Oct. 21 (Bloomberg) -- BlackRock Inc. Chief Investment Officer Rick Rieder said the world’s biggest money manager remains a buyer of Italian government debt as European policy makers gather to address the region’s sovereign debt crisis.
“Italy is attractive,” Rieder said during an interview on “InBusiness With Margaret Brennan” on Bloomberg Television. “As long as we are moving toward solutions, we think Italy is very reasonable at these levels.”
Euro finance ministers meet today, followed by ministers from all 27 European Union countries tomorrow. EU and euro-area leaders gather on Oct. 23, with another euro summit scheduled on Oct. 26. The agenda will focus on how to save Greece from default, shield banks from the fallout and build more powerful defenses against the debt crisis rocking the 17-nation euro economy. As a first step, they are set to approve releasing the next aid payment for Greece.
All 16 countries that were using the euro last year increased their debt load, boosting the region’s average to 85.4 percent of gross domestic product from 79.8 percent in 2009, the European Union’s statistics office in Luxembourg said today. The countries with the highest ratios of government debt to GDP were Greece at 144.9 percent, and Italy at 118.4 percent. Estonia joined the union this year.
BlackRock, which manages about $3.66 trillion in assets, has also been buying debt issued by financial firms and high- yield bonds, Rieder said. As with the Italian bonds BlackRock has bought, the financial debt will benefit “as soon as you see stability,” Rieder said.

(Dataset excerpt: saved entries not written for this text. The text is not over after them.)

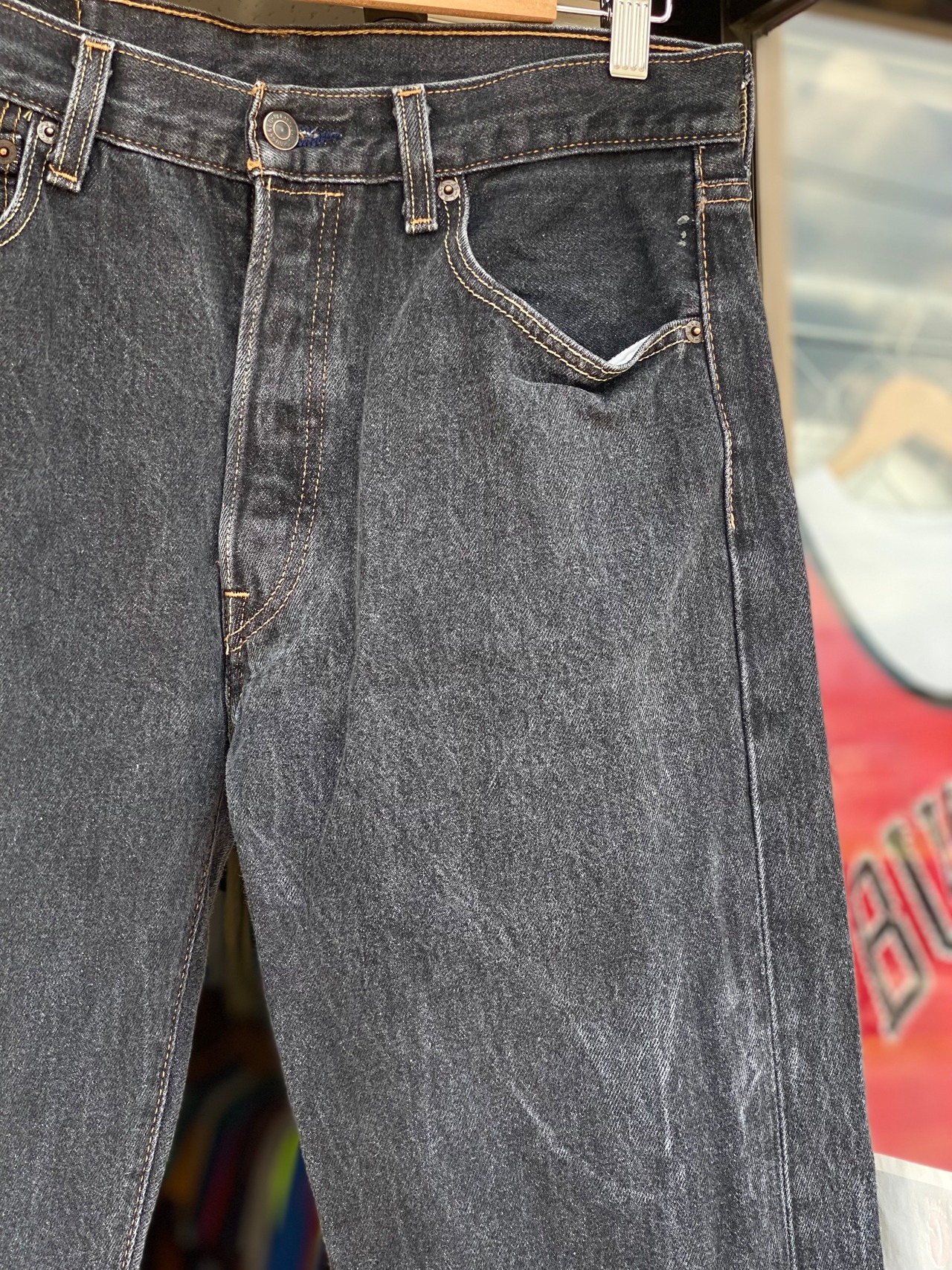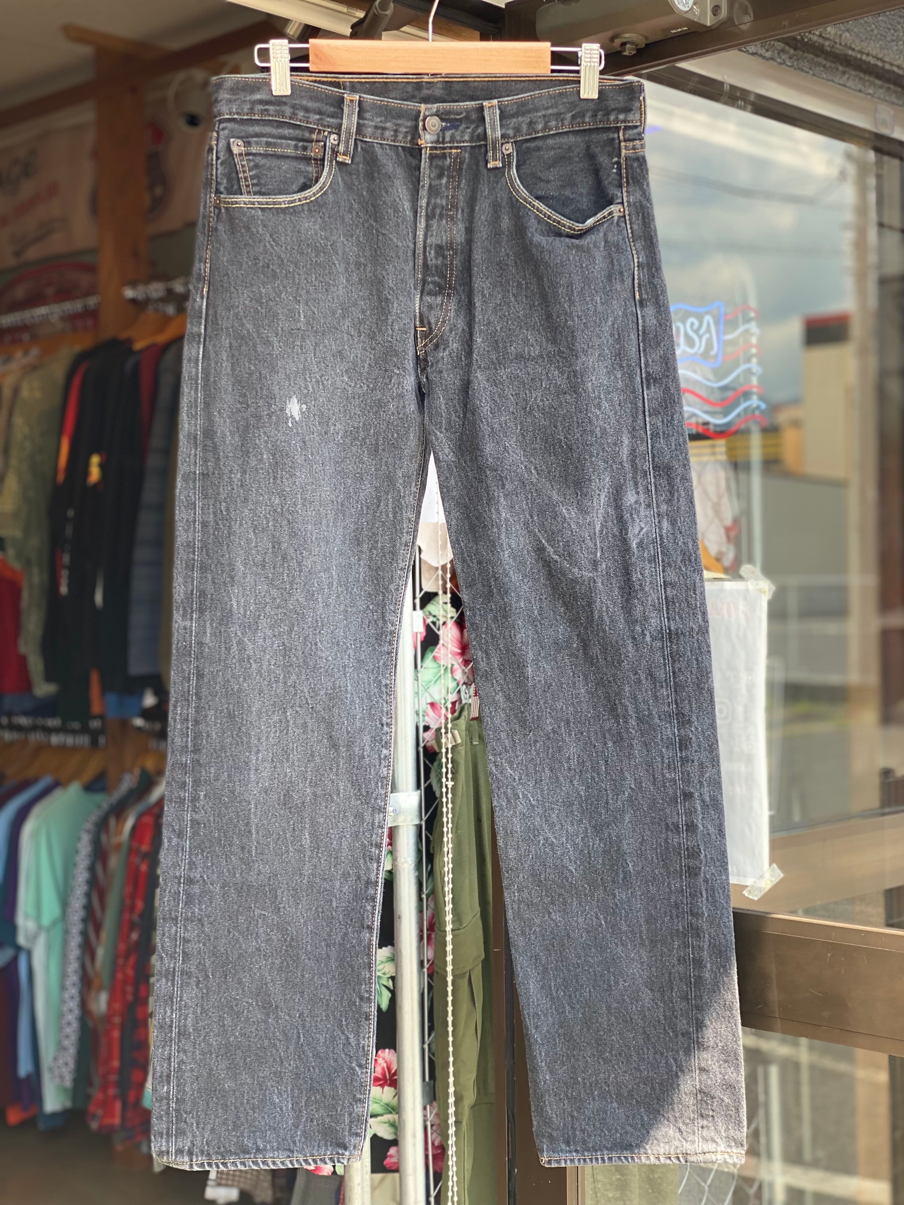 Levi's 501 "先染めブラック" ストレートデニムパンツ W32×L31 黒デニム ストレートジーンズ ブラックデニム グレー メキシコ製 MADE IN MEXICO アメカジ 古着 バイカーファッション ボタンフライ ブラックジーンズ リーバイス501
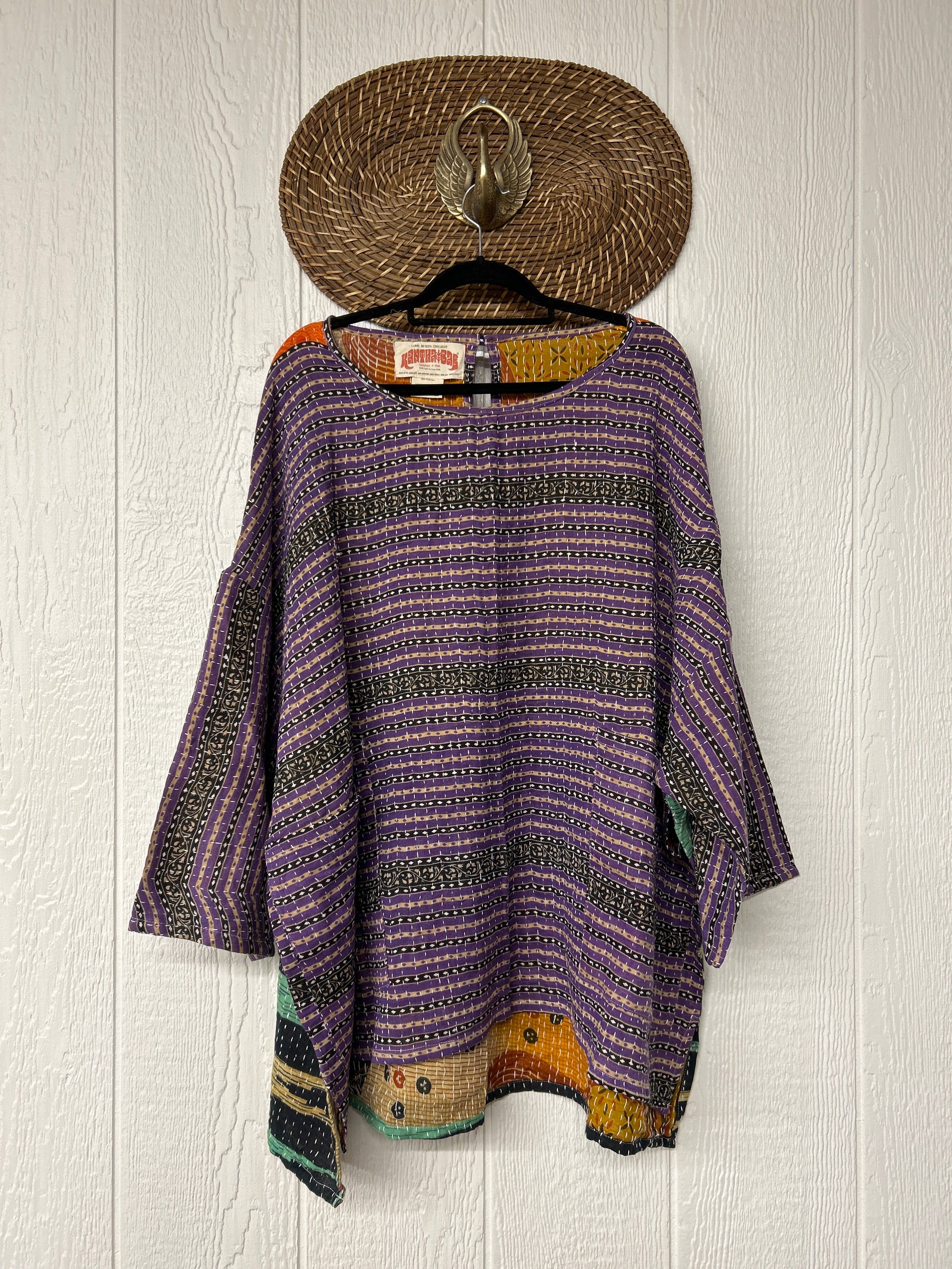 Crafted from our ultra lux vintage cotton kantha stitched sari this tunic is based on our best selling dream line pullover.
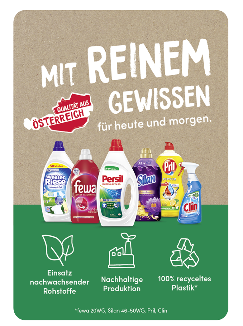Wir produzieren in Wien viele unserer bekannten Marken wie Persil, Fewa, Silan, Pril und Clin. Durch die lokale Produktion werden nicht nur Transportwege verkürzt, sondern auch Arbeitsplätze in Österreich geschaffen und erhalten. Seit 2022 setzen wir dort auch unser zertifiziertes Biomassenbilanz-Verfahren ein und setzen zunehmend Rohstoffe ein, die aus Biomasse gewonnen werden. Damit werden in Wien jedes Jahr um die 4 000 Tonnen CO₂ eingespart.
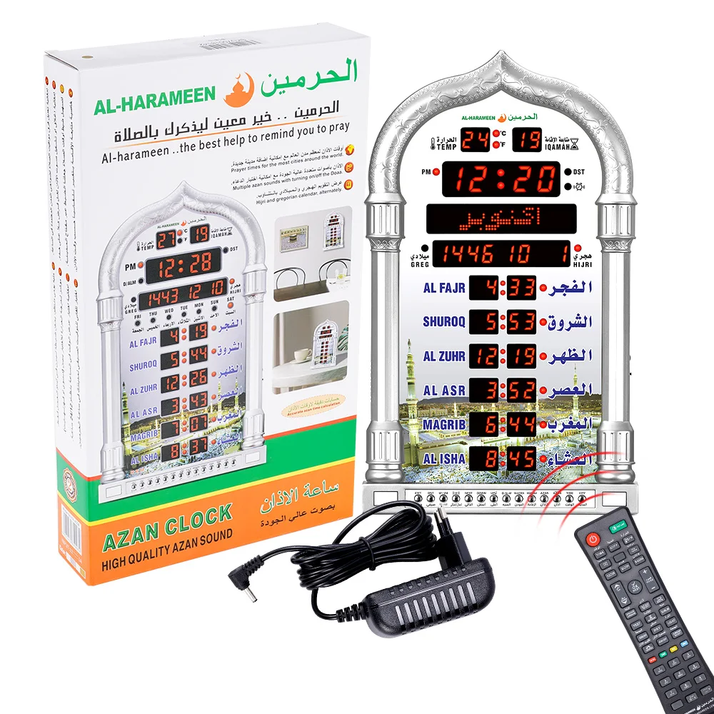 12V Azan Mosque Prayer Clock Islamic Mosque Azan Calendar Muslim Prayer Wall Clock Alarm Ramadan Home Decor Remote Control

High-yield securities have become attractive as a decline in support for the debt by bond dealers has made it harder to trade, Rieder said. That creates “great opportunities” for “investors with a longer-term outlook,” he said.
The European Central Bank bought small amounts of Spanish and Italian government debt today, according to two people with direct knowledge of the transactions, who asked not to be identified because the deals are confidential. Italy’s 10-year rate dropped 12 basis points to 5.89 percent.